一定要飛過洲際航線的
| 作者:飛時達國際快遞公司 | 2021-09-19 13:57:33 閱讀數:1024 |
甲贊嘆:“通過乘風就可以抵達云的國度/偶然能看到巨大的肋骨/像是我們的祖國在鏡中/它特有的強壯和溫柔邀請我/我見云頭林立/懷揣一種禮貌,云見飛機/如此生動,有興致的時候/甚至會在夏日午后比一次摸高/這勢必要給心靈烙印”
曼婷和公司的交流多數通過郵件。每月,她都會收到公司發來的月報。她所在的乘務部分每周則會發兩三封郵件,將公司面臨的題目、采取的措施第一時間更新給員工。
2010年,翟浩天正式成為一名飛行員。隨后十年,他目睹了國內民航業的飛速發展。乘客增多,與國際交流愈發密切,引進的飛機也越來越多,“沒有曲折,一直在增長”。
李夕所在的航空公司設了一個心理工作室,主要通過線上聊天為員工提供心理方面的咨詢和幫助。由于方法、條件受限,這對李夕來說不太奏效。他說,“很多外人都說想隔離,覺得那就意味著什么都不用干,實在是很痛苦的。”機組之外的人經常對他們產生誤解。
除了讀詩詞,他也寫詩。這是他閑暇時的愛好,中斷中斷續續地寫,堅持了好些年。四年前,他寫過一組詩,名為《我們生活在一個巨大的運動中》。詩中有四個主人公,甲、乙、丙是三名年齡各異的飛行員,丁則是一位生活于農村的老者,從未出過遠門,所在村莊即將被拆建成新的飛機場。
(為保護受訪者隱私,本文所有人均為化名。感謝楊陽、Joe對本文的幫助)曼婷不得不擔憂,一直在內心暗示自己實在是待業,不算是潛伏的“被下崗”,等疫情好了,就能再飛。
2020年7月31日,中國浦東機場的地面保障職員迎接一架航班的抵達 圖/人民視覺
隔離時,人對時間的感知會變得模糊。翟浩天試過晚上9點就睡覺,也試過12點睡覺。有時晝寢,有時干脆不睡。“在那個隔離的房間里,感覺時間對我來說沒有太多意義。無論幾點睡,幾點起,醒來都是無事可做。”

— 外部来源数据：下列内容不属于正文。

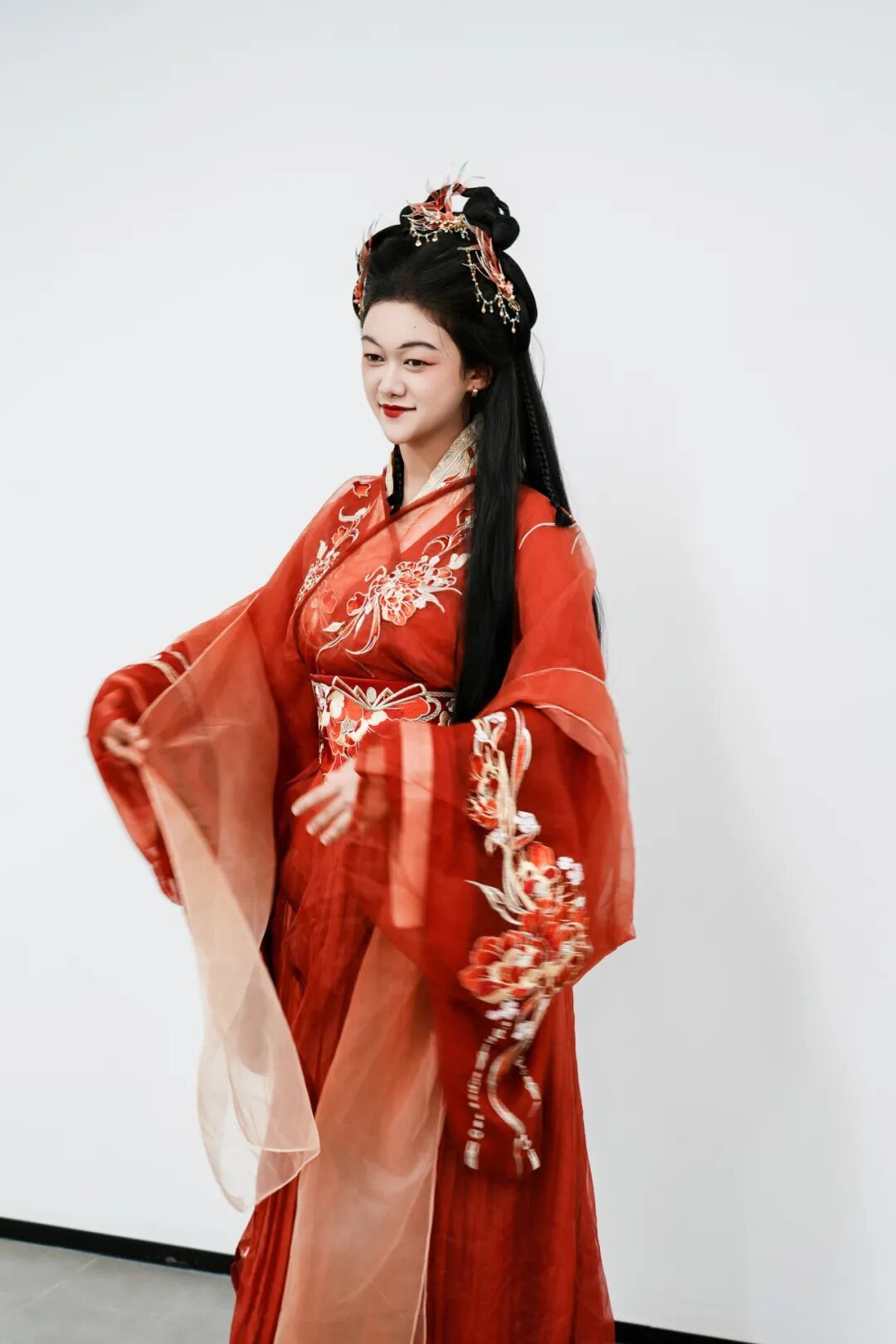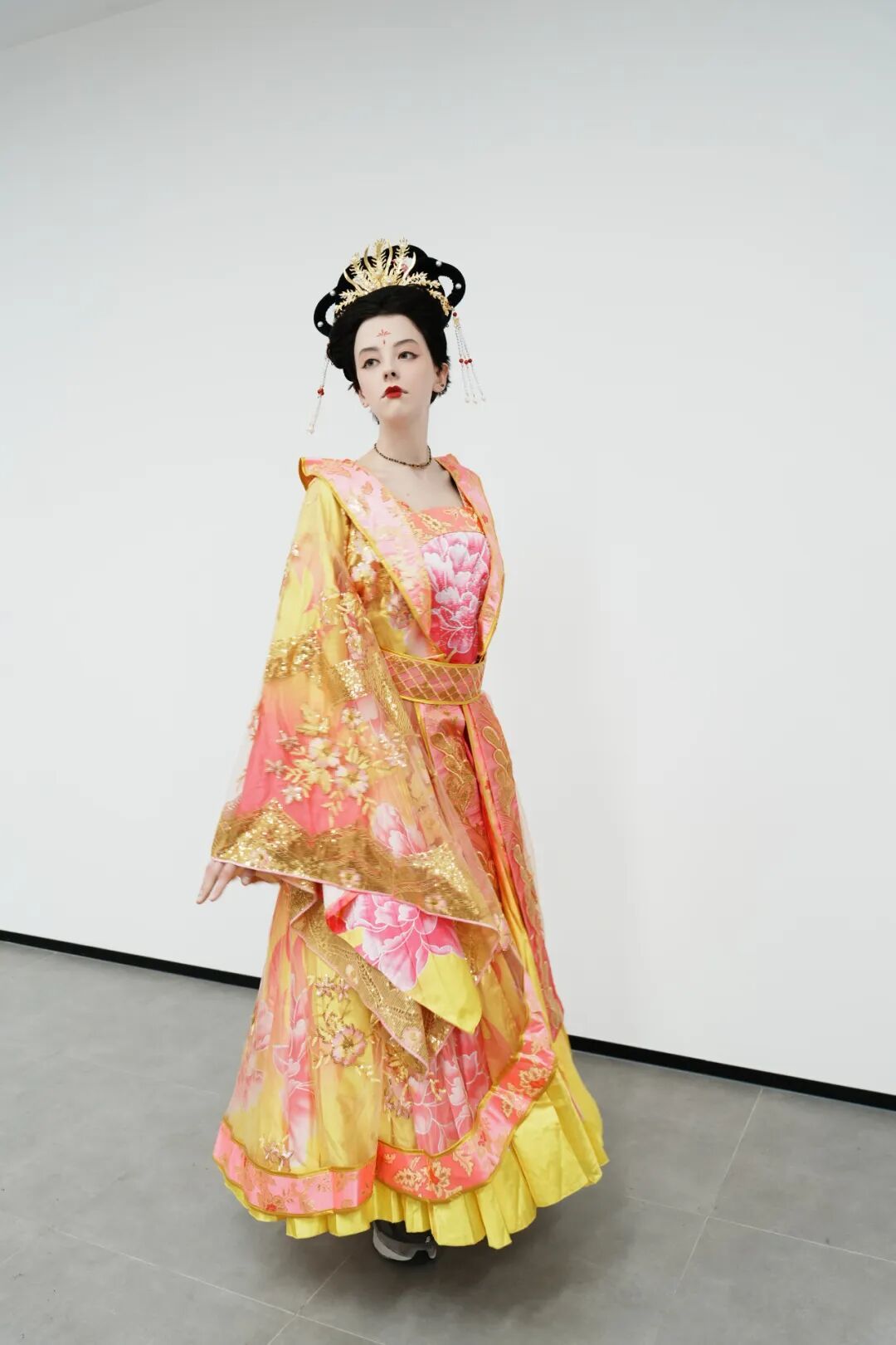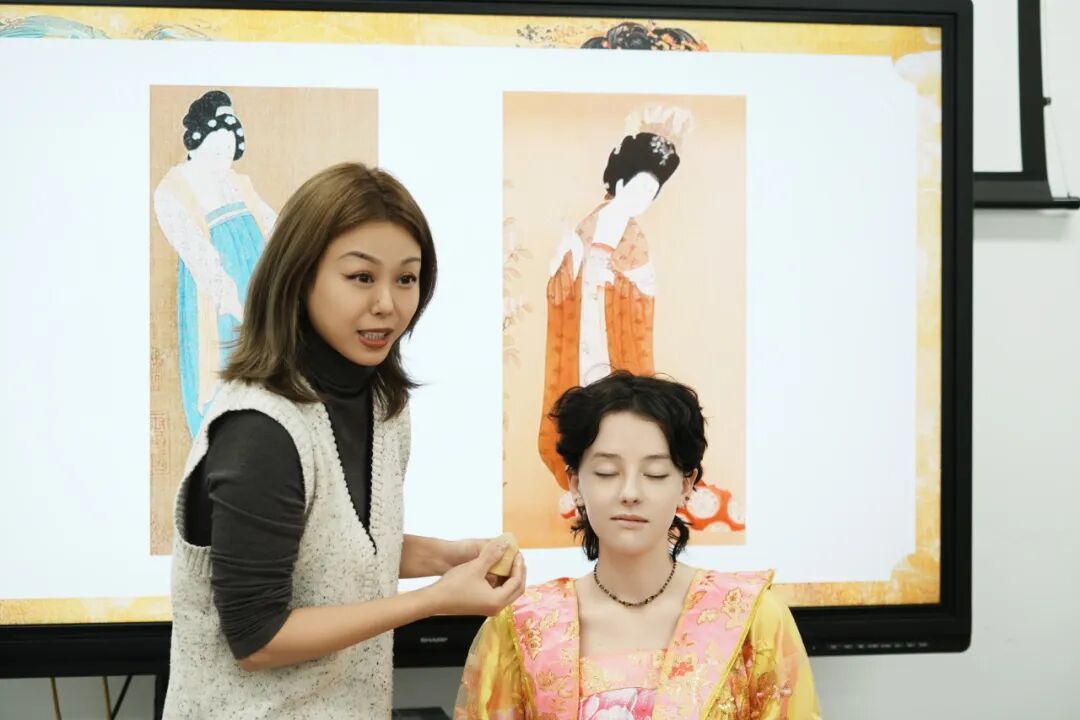 不仅如此,结业课程还特设了中式传统妆造体验专场。课程串联四大非遗项目的文化精髓,现场梳理了汉唐服饰流变脉络,并进行了妆造的实操示范。老师还邀请两位同学上台,体验模特角色,一边拆解妆容服饰背后的文化密码,一边展示妆造技艺的精妙细节,让千年中式美学在眉眼流转、衣袂翻飞间生动落地,将文化体验、趣味性与中式美学融为一体。

焦慮停飛后,秦亮一開始對能夠多陪陪家人感到滿足。他醉心于家庭生活,與太太一起做飯、畫畫。“后來長時間不飛,似乎失業了一樣”。恐慌的情緒滋生,其中摻雜著迷茫。他開始更關注疫情新聞,“沒人知道未來怎么樣。”
為了打發隔離時間,翟浩天帶了六本書到酒店 圖/受訪者提供
秦亮踏進這一行有些偶合。他進行11年,飛國際航線3年有余。
沒人知道她們什么時候能重返天空,就像是無人知曉,這場疫情何時會結束。
而每個地方防疫政策的不同,也會影響到飛行員的隔離時間。“各航空公司是沒有資格制定的,只能配合三部委和地方政府的要求。”秦亮先容。有時,“各地方政府在執行三部委文件的時候也會自己加碼。”
飛行員對疫情最直觀的感受就是航班銳減,秦亮說,“(疫情)最嚴重時,我們的航班量削減了幾乎100%。”國際航線在疫情暴發后很快停了。3月、4月,他基本處于停飛狀態。“航班量下往了,用不著什么通知,大家都很默契。”

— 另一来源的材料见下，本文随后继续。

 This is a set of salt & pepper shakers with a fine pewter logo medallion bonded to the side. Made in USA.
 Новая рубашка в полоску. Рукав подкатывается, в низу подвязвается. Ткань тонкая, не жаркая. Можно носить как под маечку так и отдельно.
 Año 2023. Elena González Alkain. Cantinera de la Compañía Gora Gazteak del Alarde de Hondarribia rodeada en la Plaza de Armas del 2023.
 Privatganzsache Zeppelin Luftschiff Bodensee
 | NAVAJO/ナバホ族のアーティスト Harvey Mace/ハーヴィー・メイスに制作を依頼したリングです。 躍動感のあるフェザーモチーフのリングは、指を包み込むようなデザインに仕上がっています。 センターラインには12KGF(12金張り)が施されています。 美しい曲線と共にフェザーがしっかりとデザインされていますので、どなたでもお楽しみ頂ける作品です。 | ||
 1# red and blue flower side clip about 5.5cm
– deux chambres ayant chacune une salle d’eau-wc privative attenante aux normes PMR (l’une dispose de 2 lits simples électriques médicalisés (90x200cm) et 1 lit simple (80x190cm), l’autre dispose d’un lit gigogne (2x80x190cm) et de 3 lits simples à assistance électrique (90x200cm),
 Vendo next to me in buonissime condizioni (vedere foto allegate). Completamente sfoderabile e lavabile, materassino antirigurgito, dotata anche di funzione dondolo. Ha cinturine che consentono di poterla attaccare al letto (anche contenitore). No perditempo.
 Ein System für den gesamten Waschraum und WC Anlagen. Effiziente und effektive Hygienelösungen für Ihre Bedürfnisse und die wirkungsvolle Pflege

往年最久的一次,李夕有43天沒回過家。一個多月的時間內,他先后飛往了芝加哥、紐約和悉尼。飛行間隙,他就在隔離酒店待著。“依照民航總局防疫指南,飛一個芝加哥客機回來,核酸檢測呈陰性的,4天后可以繼續執行國際航班。”李夕告訴本刊記者,國際貨運空運價格,“終極在國內集中隔離時間,則是按照飛行員最后一個航班的進關時間計算”,客機和貨機的隔離時長略有不同,貨機飛行員只要核酸檢測是陰性,不用滿14天。
隔離困境2月伊始,他頻繁接到航班被取消的通知。最后,他“已經公布的航班被取消殆盡”。公司發布通知:安排飛行職員休息半個月,飛行半個月,每個月的飛行小時也由此減少到20到30小時不等。翟浩天意識到自己正在經歷民航業的冷冬,“而這一切發生在一個春天。”